UNIVERSITY OF ARKANSAS SYSTEM
The development of non-toxic medical countermeasures against gastrointestinal radiation injury is an
unmet need. These countermeasures would benefit the population exposed to a radiation disaster or nuclear
attack, as well as first-responders who enter a contaminated area for medical, military, or clean-up purposes.

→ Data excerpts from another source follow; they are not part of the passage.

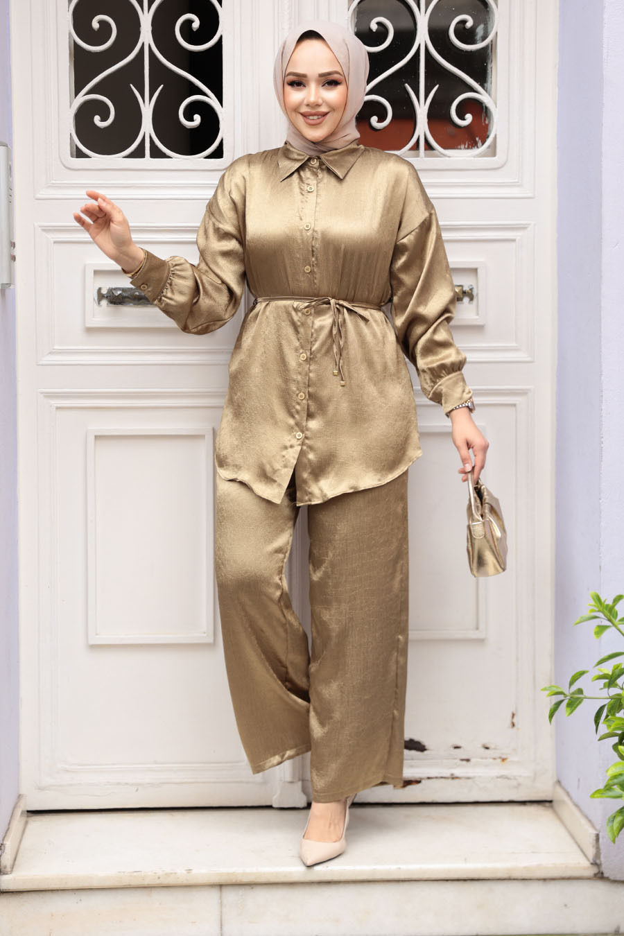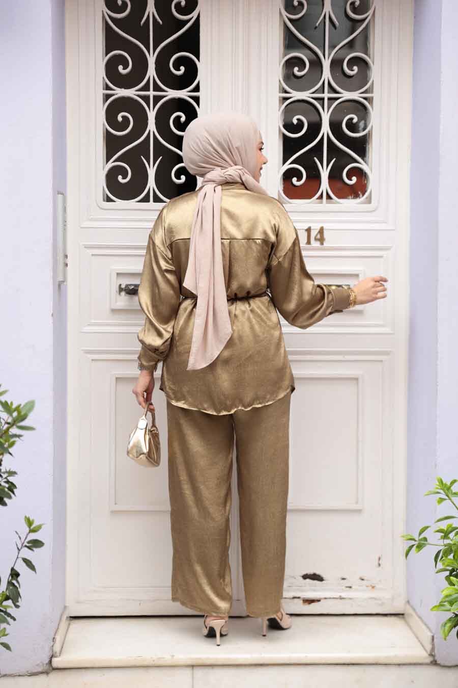 Ürün Özelliği: Klasik yaka, uzun kollu, manşetli, belden ip kemerli, ön ortadan düğmeli, pantolon belden lastikli ve geniş paçadır.
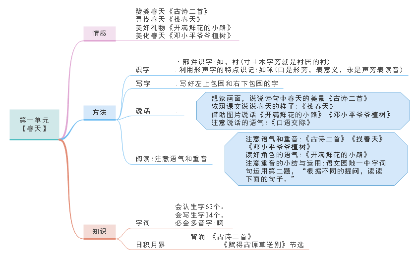 文末附上一张二年级下册语文第一单元的思维导图,如有需要,点击图片即可以查看或获取高清原图。
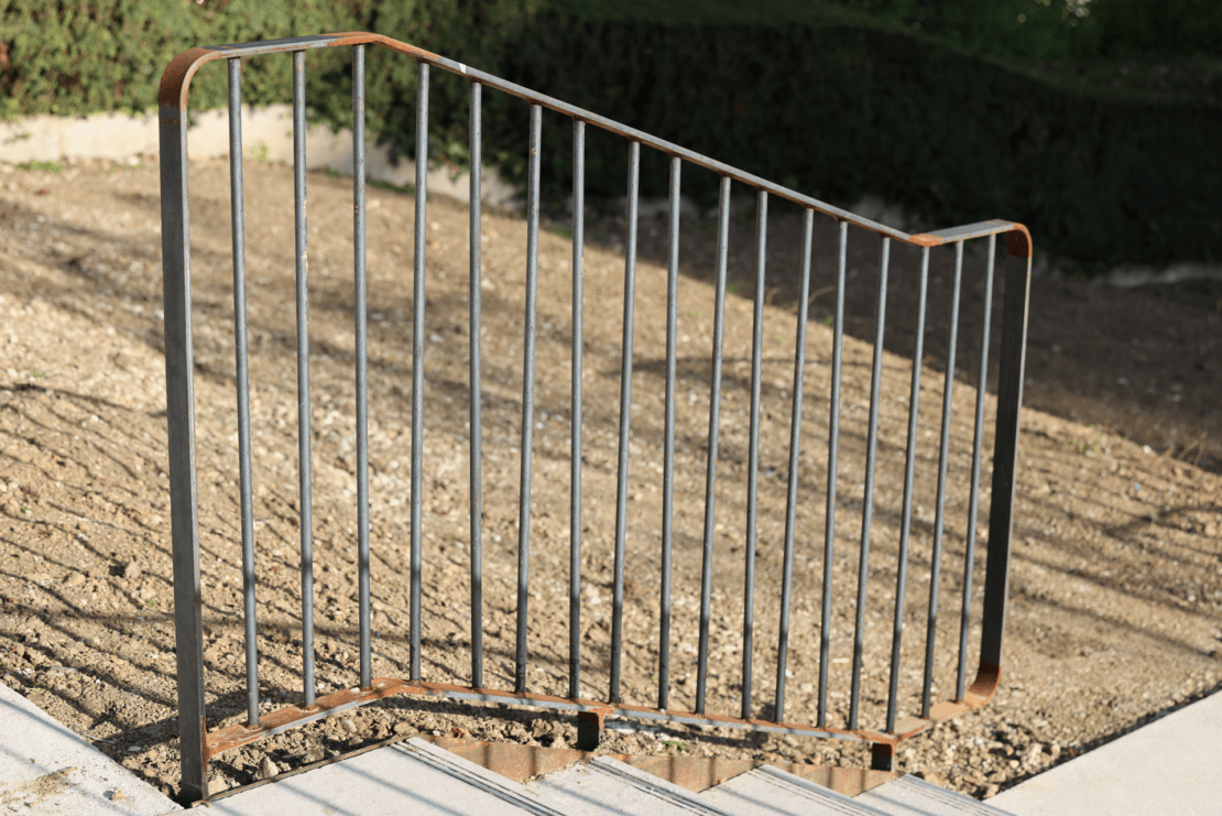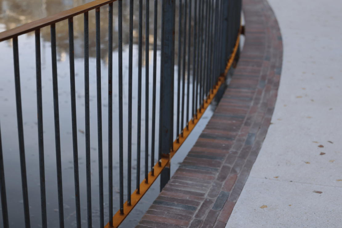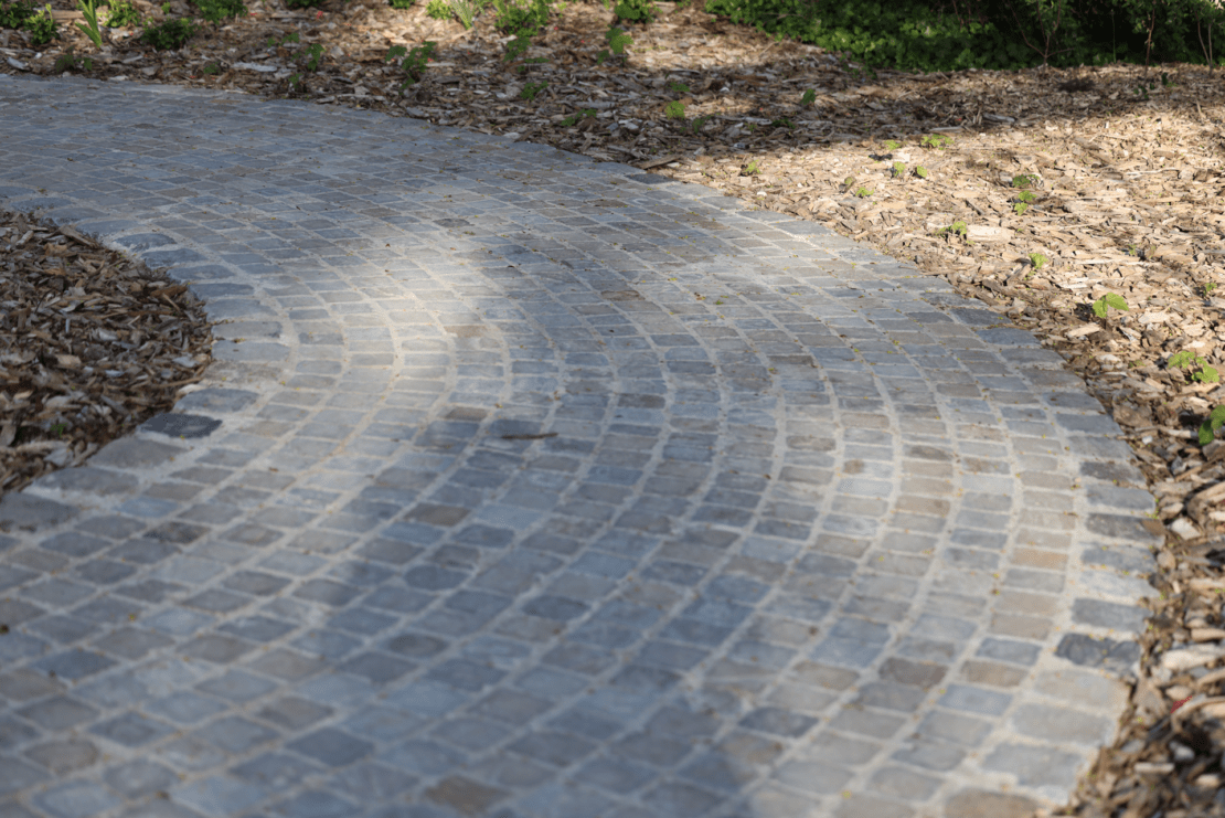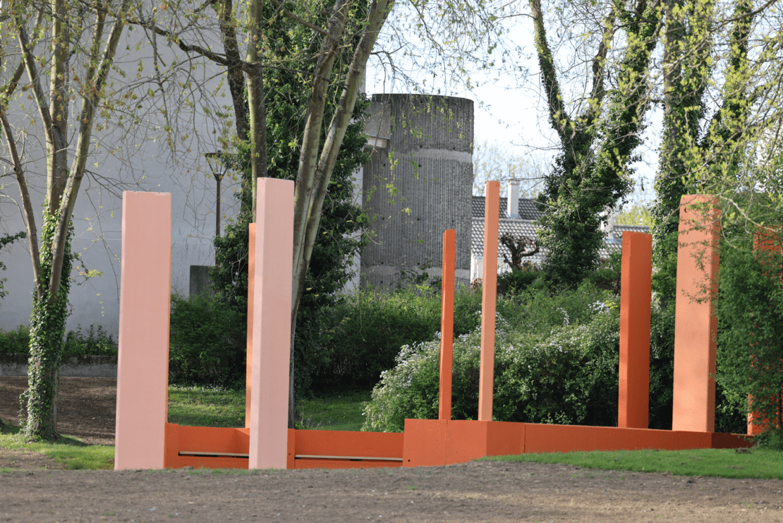 Notamment, des pavés en grès ont été utilisés pour structurer les cheminements. Des éléments de serrurerie en acier corten viennent renforcer l’identité du site.

Ideally, such interventions should be easy to administer, have minimal toxicity, be capable of being
stockpiled for rapid distribution, and be effective in preventing the adverse effects of radiation on the
intestinal tract. Agents that can protect the gut when given after radiation exposure (mitigating agents) are
the top priority.
lnterleukin-11 (IL-11) is a pleiotrophic cytokine that has anti-inflammatory properties. Clinically, this cytokine
was developed as a drug to improve platelet counts diminished by chemotherapy. When given
subcutaneously, however, IL-11 has significant side effects, such as, fluid retention, particularly in the lungs.

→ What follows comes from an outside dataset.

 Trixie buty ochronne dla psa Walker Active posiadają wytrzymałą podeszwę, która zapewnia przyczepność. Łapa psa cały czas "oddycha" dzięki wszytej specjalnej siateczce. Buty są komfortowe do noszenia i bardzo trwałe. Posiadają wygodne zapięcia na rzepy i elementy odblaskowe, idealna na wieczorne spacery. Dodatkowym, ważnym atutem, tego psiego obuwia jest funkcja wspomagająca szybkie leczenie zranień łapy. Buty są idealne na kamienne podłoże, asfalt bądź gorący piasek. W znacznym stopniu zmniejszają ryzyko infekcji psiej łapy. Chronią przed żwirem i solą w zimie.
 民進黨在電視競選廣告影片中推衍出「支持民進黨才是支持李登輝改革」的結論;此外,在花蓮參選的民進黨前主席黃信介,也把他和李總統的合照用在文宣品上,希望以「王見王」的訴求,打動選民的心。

Experiments in dogs have shown that when IL-11 is given systemically with a modest dose of total body
radiation (2 Gy), a higher percentage of animals died from pneumonitis when compared with animals
irradiated without IL-11. On the other hand, IL-11 administered orally to animals and humans is not
absorbed systemically and is free of systemic side effects.
We have previously shown in a rat model that local administration of IL-11 in liquid form to the gut
significantly reduced radiation enteropathy. The intestinal lining exposed to IL-11 had greater mucosal
surface area with less ulceration, improved crypt colony formation, and less inflammatory response than
irradiated gut not exposed to IL-11. This early data led to our present study of orally administered
interleukin-11 as a countermeasure against intestinal damage from total body radiation.